The following two snippets accomplish the same end result – they print the contents of an array to the screen. The first uses a traditional if loop; the second uses a recursive function that passes the array, the index variable, and the termination condition as parameters to the function. Additionally, it uses some of the techniques mentioned in the array/pointer section above, by casting the address of the array as an int in main, recasting it as a pointer in the function, and using pointer arithmetic for array access:
#include "stdio.h"

int main() {
	int array[]={0,1,2,3,4,5,6,7,8,9};
	
	int i;
	for (i=0; i<10; ++i) {
		printf("%d ",array[i]);
	}
	
	return 0;
}

#include "stdio.h"

void recursiveFunction(int array, int i, int stop) {
	printf("%d ",*((int*)array+i));
	i++;
	if (i < stop) {
		recursiveFunction(array, i, stop);
	}
}

int main() {
	int array[]={0,1,2,3,4,5,6,7,8,9};
	recursiveFunction((int)array, 0, 10);
	return 0;
}


Another way to obfuscate code with recursion is to call the main() function itself recursively.

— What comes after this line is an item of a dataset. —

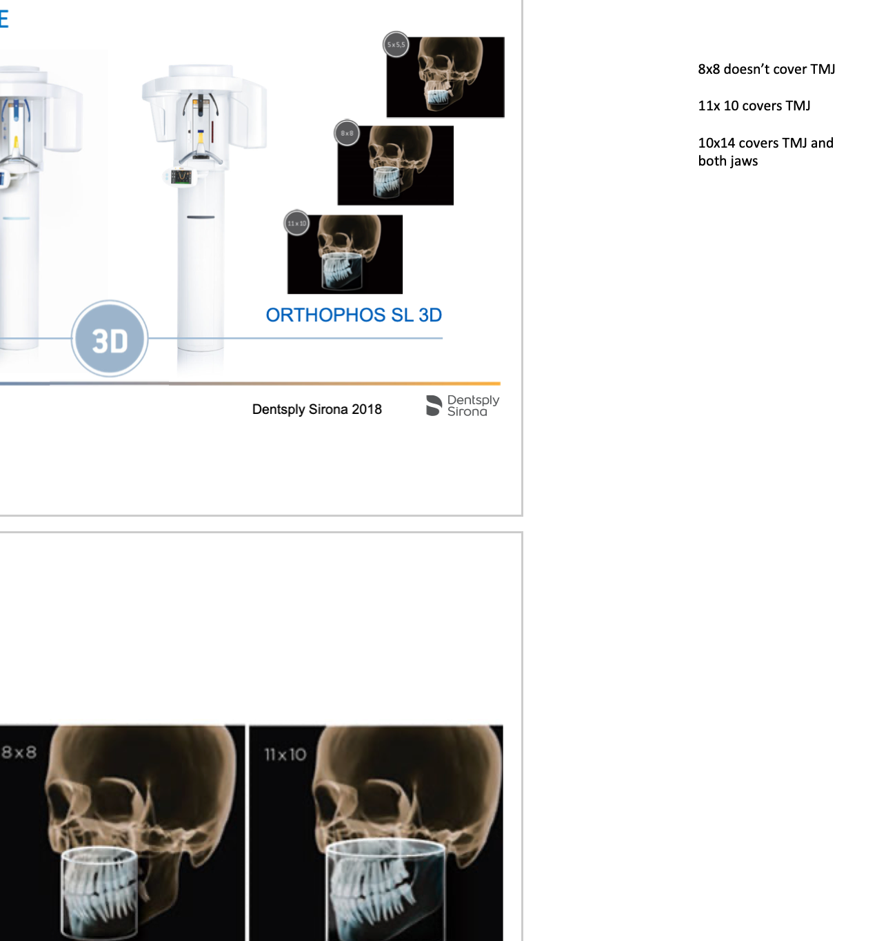 standard/medium FOV = both arches including TMJ area, smaller = arch or quadrant

This is legal in C, but is expressly illegal in C++. In C, however, it can make for some really weird looking code. Unti you've read over a few examples and understand what they are doing, nothing messes your head quite like seeing calls to main() strewn all over a program. The following program uses recursive calls to the main() itself to print the prime numbers between 0 and 20. It also uses the conditional operator ?: in three places instead of conditional expressions (if-statements):
#include "stdio.h"
#include "math.h"

int n=20;
int i, isPrime;

int main() {
	
	isPrime=1;
	for (i=2; i<=sqrt(n); i++) {
		isPrime *= (n%i == 0) ? 0 : 1;
	}
	
	(isPrime==1) ? printf("%d\n",n) : 0;
	n--;
	
	return (n>1 ? main() : 0);
}




Other Techniques for Obfuscation
This is a pretty basic introduction to obfuscation, though the techniques presented here can produce some downright mean-looking code. However, there are a couple of other techniques that I will mention briefly, before moving on to a full-blown (though necessarily simple) example of the process of obfuscation.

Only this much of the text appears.